Recaro Holding, as the parent company of the Recaro Group, owns the Recaro brand and the independently operating companies Recaro Aircraft Seating (aircraft seats) based in Schwäbisch Hall and Recaro eGaming (gaming seats) based in Stuttgart, Germany. The business areas Recaro Automotive Seating and Recaro Kids are operated by licensees.

History

The company was founded on 1 October 1906 by Wilhelm Reutter as Stuttgarter Carosserie und Radfabrik. In 1909 Wilhelm's brother Albert Reutter joins the company as a partner and commercial manager. Change of name to "Stuttgarter Karosseriewerk Reutter & Co.", owner W. & A. Reutter. On 24 July 1909 the patent for a "folding roof with canopy, especially for motor vehicles" was filed. This so-called "reform body" was a constructive forerunner of the convertible. The result was bodies including interior fittings for almost all well-known manufacturers of the time, in particular Daimler-Benz (and predecessor) as well as the Chemnitzer Wanderer-Werke. In 1919, the gradual conversion from individual production to mass production took place.  During the 1920s the company became known for building limousine bodies. 1930 Reutter entered into a partnership with the Porsche design office. From 1931 Reutter manufactured the first bodies for Porsche types 7, 8, 9, 12 and 32. 1936 After the capacity limit of the main plant in Augustenstraße had been reached, a second plant was built in Zuffenhausen. A year later in 1937 Reutter receiveed the order to produce the Volkswagen prototype pre-series VW 303. A couple years later in 1939 the company had around 900 employees. 1944 the main factory in Augustenstraße was severely damaged in an air raid. The workforce shrunk to 94 people. In 1949 Porsche began engaging the company to build their Porsche 356 sports car bodies.

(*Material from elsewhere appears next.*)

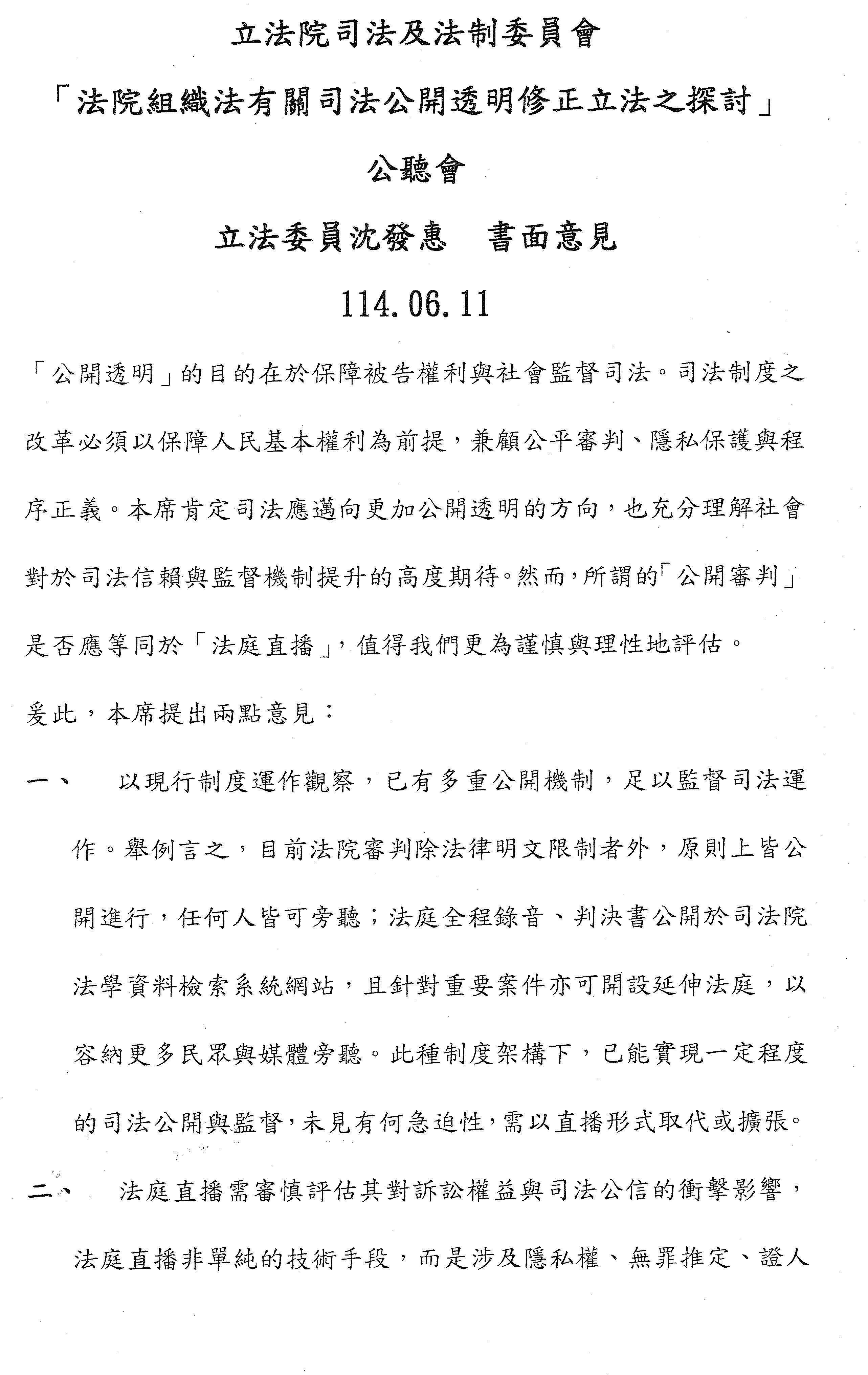 我今天的發言會針對兩個部分,一個是修法本身,還有民眾黨一貫採取逕付二讀的手法來做討論。第一個,關於事實審在法庭直播的部分,我對這個提案表達高度的疑慮,他們一直說這個可以促成所謂司法的公開透明,可是事實上,目前為止,除了特定的案件之外,其實大部分的法庭審理,剛剛律師也都說了,我們一般人都可以走進去旁聽,除了高度社會關注的案件,像剴剴案,可能因為人太多才需要抽籤,所以大家如果連這件事情都不知道,認為直播才可以促進公開透明,那真的是大錯特錯。此外,現在所有的判決書也都可以公開上網,裡面會有判決理由、訴訟代理人、檢察官,還有法官的名字也都看得到,因此公開透明的目的就已經達到了,同時還可以監督司法,所以我真的不知道為什麼會有這個提案。

In 1953, the company registered a patent for "a hinge fitting for upholstered seats with adjustable backrest", the Reutter reclining seat fitting. 1954 Completion of the 5,000th body for the Porsche 356. In 1956 the "Stuttgarter Karosseriewerk Reutter & Co. GmbH" celebrates its 50th anniversary. In the same year the 10,000th Porsche body, left the factory, which by then employed 900 people.

In 1963, Porsche acquired the car body factory. What remained was renamed to Recaro (REutter-CAROsserie), and focus was shifted to high-end seats. The company began producing both OEM seats for Porsche, and a separate line of after-market seats. In 1965, Recaro presented the first Recaro sports seat at the Frankfurt Motor Show. In 1967, Recaro started the construction of a production facility in Schwäbisch Hall. In 1969, the Reutter family sold the company to three companies, Keiper, Huber & Wagner and Metzeler, due to economic problems. In 1971, Recaro produced the first aircraft seats under the name Recaro Aircomfort under license of the American manufacturer Hardman Aerospace. Shortly afterwards, Recaro launched its first aircraft seat, the so-called Recaro 2020, and sold it to Lufthansa, among others. In 1974, the first motorsport seat was based on the Recaro professional full shell seat. In 1983, Keiper purchased all shares in Recaro and established Keiper Recaro in Kirchheim.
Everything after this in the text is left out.